1. 	(Currently amended)	A network microphone device comprising:
one or more microphones;

one or more processors;
memory comprising tangible, non-transitory computer-readable media storing instructions executable by the one or more processors to cause the network microphone device to perform operations comprising:
receiving, via the one or more microphones, voice data indicating a voice input, wherein the received voice data includes a first portion representing an activation word corresponding to one of a plurality of voice services and a second portion representing a voice command, wherein the plurality of voice services are externally registered to a media playback system associated with the networked microphone device;
identifying, prior to performing speech recognition on the second portion of the received voice data representing the voice command, from among the plurality of voice services, a voice service to process the voice input, wherein the identifying comprises (i) determining a closest match of the first portion of the received voice data representing the activation word with corresponding activation word data stored in a recognition dataset on the network microphone device, (ii) determining a confidence score of the closest match of the first portion of the received voice data representing the activation word with the corresponding activation word data, and (iii) comparing the confidence score with a predetermined threshold score, wherein the predetermined threshold score has a first value if the closest match of the first portion of the received voice data representing the activation word with the corresponding activation word data is associated with a first voice service, and the predetermined threshold score has a second, different value if the closest match of the first portion of the received voice data representing the activation word with the corresponding activation word data is associated with a second voice service; 

transmitting, via the network interface, the first portion of the received voice data representing the activation word and the second portion of the received voice data representing the voice command to the selected voice service only if the confidence score is greater than or equal to the predetermined threshold score; 
receiving, from the identified voice service, an indication of whether the first portion of the received voice data representing the activation word was recognized by the identified voice service; and
in response to the received indication of whether the first portion of the received voice data representing the activation word was recognized by the identified voice service, updating the activation word data in the recognition dataset.

2.	(Canceled)

3.	(Canceled)

4.	(Canceled)

5.	(Currently amended)	The network microphone device of claim [[3]] 1, wherein the network microphone device is a first device of the media playback system, and wherein the instructions stored on the memory further include instructions for:
predetermined threshold score.

6.	(Previously presented)	The network microphone device of claim 5, wherein the confidence score is a first confidence score, and wherein the instructions stored on the memory further include instructions for:
receiving, via the network interface from the second device, an indication of a second confidence score, wherein the second confidence score is greater than the first confidence score; 
comparing the second confidence score with the predetermined threshold score; and 
transmitting, via the network interface, the first portion of the received voice data representing the activation word and the second portion of the received voice data representing the voice command to the identified voice service only if the second confidence score is greater than or equal to the predetermined threshold score.

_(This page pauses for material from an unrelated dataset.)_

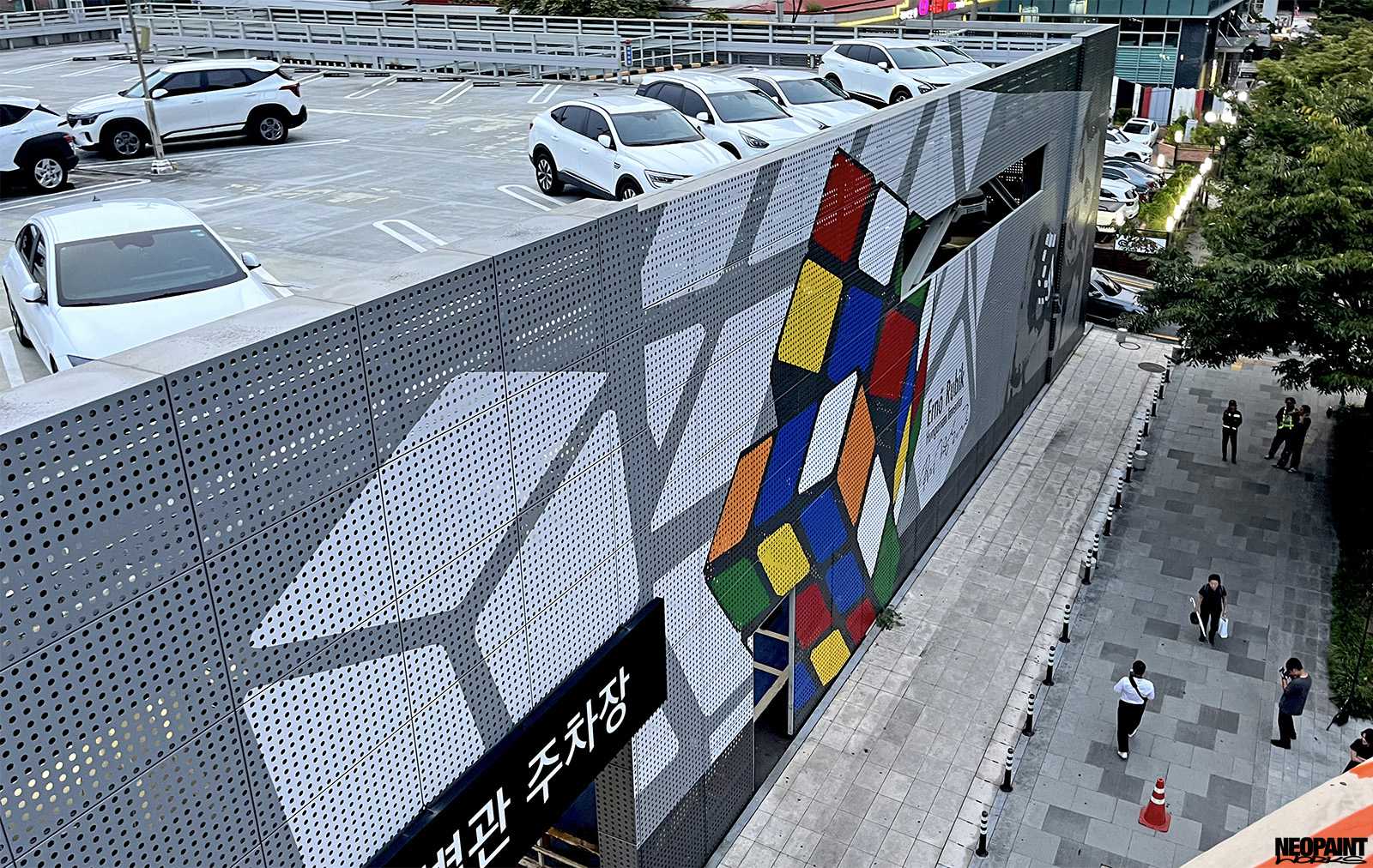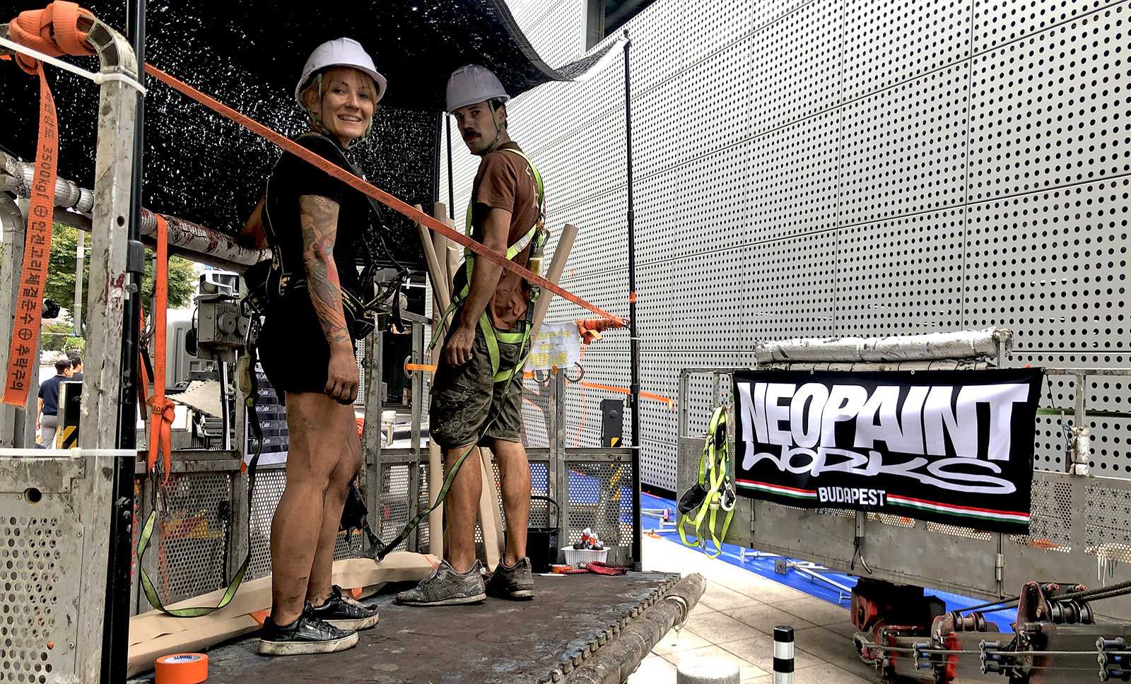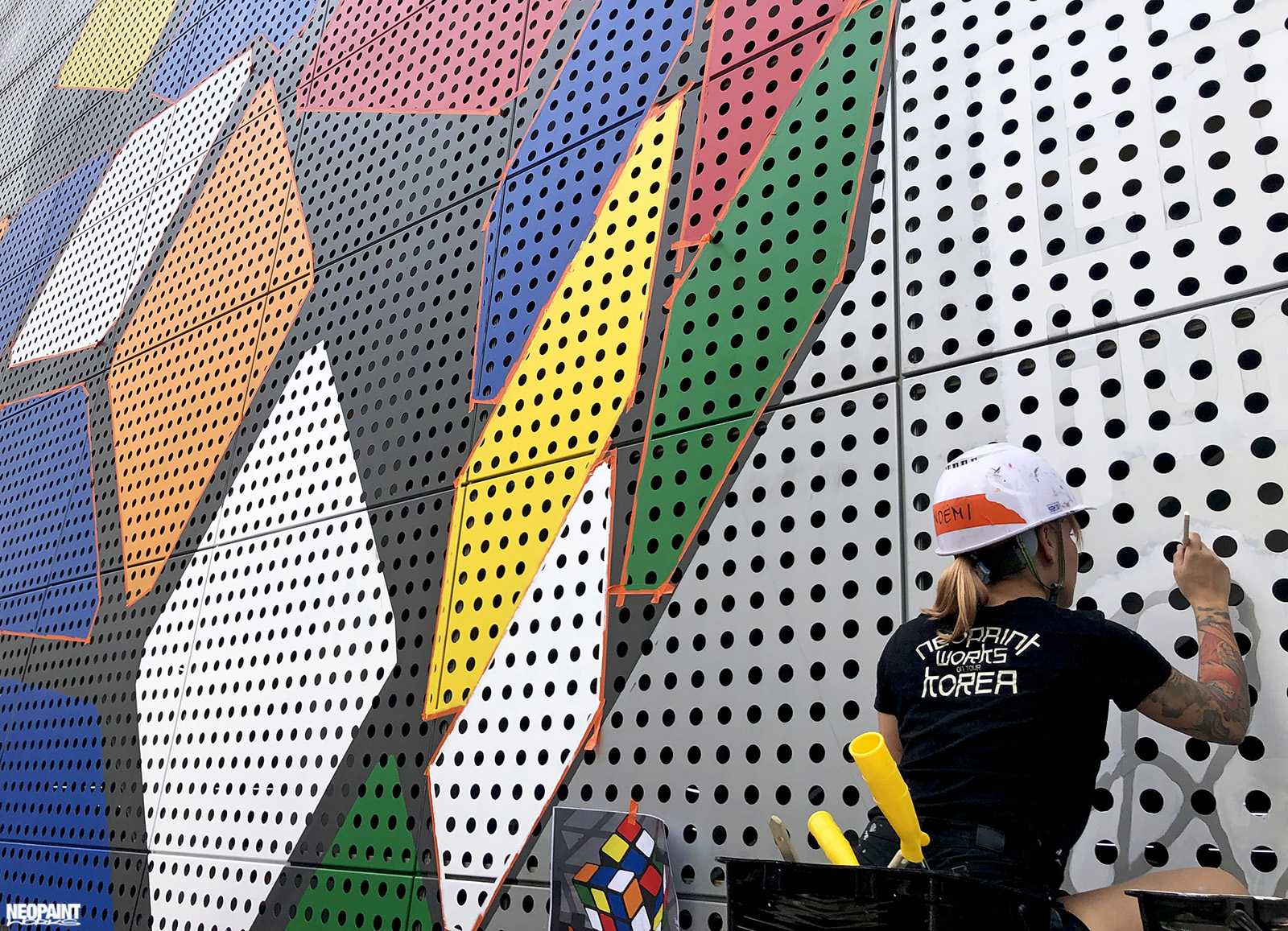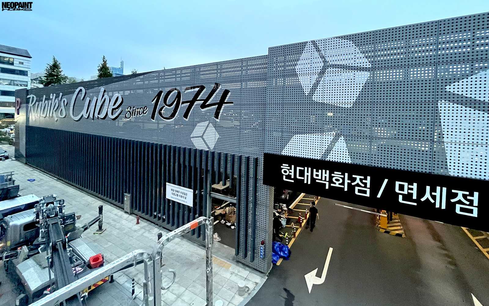 Dél-Korea fővárosába, Szöulba kaptunk meghívást a Magyar Kulturális Központtól (Liszt Intézet) valamint a Koreai Kulturális Minisztériumtól (Kofice) abból a célból, hogy készítsünk egy Rubik-kockát népszerűsítő falfestményt a város kereskedelmi városrészébe, a Gang Nam negyedbe. A 80 méter hosszú és 10 méter magas fém felületen a kocka és annak elnevezése mellett megjelenítettük Rubik Ernőt is, ahogy találmányát a kezében tartja. A grafikát mi terveztük az előzetesen leegyeztetett elképzelések és igények alapján. A teljes kivitelezés 6 napot vett igénybe, amelyben 3 koreai festő is segítségünkre volt. A monumentális utcai festmény a jövőre esedékes Rubik jubileumi évre készült, amikor is Rubik Ernő 80, a kocka pedig 50 évesek lesznek.

7.	(Original)	The network microphone device of claim 5, further comprising:
a transducer configured to output audio, 
wherein the confidence score is a first confidence score, and wherein the instructions stored on the memory further include instructions for:

comparing the second confidence score with the predetermined threshold score; and 
outputting, via the transducer, a request for additional user voice input if the second confidence score is less than the predetermined threshold score.

8.	(Canceled)

9.	(Currently amended)	The network microphone device of claim [[3]] 1, wherein updating the activation word data in the recognition dataset comprises adjusting the predetermined threshold score.

10. 	(Currently amended)	A tangible, non-transitory computer-readable medium storing instructions that, when executed by one or more processors of a network microphone device, cause the network microphone device to perform operations comprising:
receiving, via one or more microphones of the network microphone device, voice data indicating a voice input, wherein the received voice data includes a first portion representing an activation word corresponding to one of a plurality of voice services and a second portion representing a voice command, wherein the plurality of voice services are externally registered to a media playback system associated with the networked microphone device;
identifying, prior to performing speech recognition on the second portion of the received voice data representing the voice command, from among the plurality of voice services, a voice service to process the voice input, wherein the identifying comprises (i) determining a closest , (ii) determining a confidence score of the closest match of the first portion of the received voice data representing the activation word with the corresponding activation word data, and (iii) comparing the confidence score with a predetermined threshold score, wherein the predetermined threshold score has a first value if the closest match of the first portion of the received voice data representing the activation word with the corresponding activation word data is associated with a first voice service, and the predetermined threshold score has a second, different value if the closest match of the first portion of the received voice data representing the activation word with the corresponding activation word data is associated with a second voice service; 
selecting, based on the determined closest match, the identified voice service and foregoing selection of another voice service; 
transmitting, via a network interface of the network microphone device, the first portion of the received voice data representing the activation word and the second portion of the received voice data representing the voice command to the selected voice service only if the confidence score is greater than or equal to the predetermined threshold score; 
receiving, from the identified voice service, an indication of whether the first portion of the received voice data representing the activation word was recognized by the identified voice service; and
in response to the received indication of whether the first portion of the received voice data representing the activation word was recognized by the identified voice service, updating the activation word data in the recognition dataset.



12.	(Canceled)

13.	(Canceled)	

14.	(Currently amended)	The tangible, non-transitory computer-readable medium of claim [[12]] 10, wherein the network microphone device is a first device of a plurality of devices in a media playback system, the instructions further including instructions for:
transmitting, via the network interface, the first portion of the received voice data representing the activation word and the second portion of the received voice data representing the voice command to a second device in the media playback system, wherein the second device is configured to further analyze the first portion of the received voice data representing the activation word and the second portion of the received voice data representing the voice command if the confidence score is less than the predetermined threshold score.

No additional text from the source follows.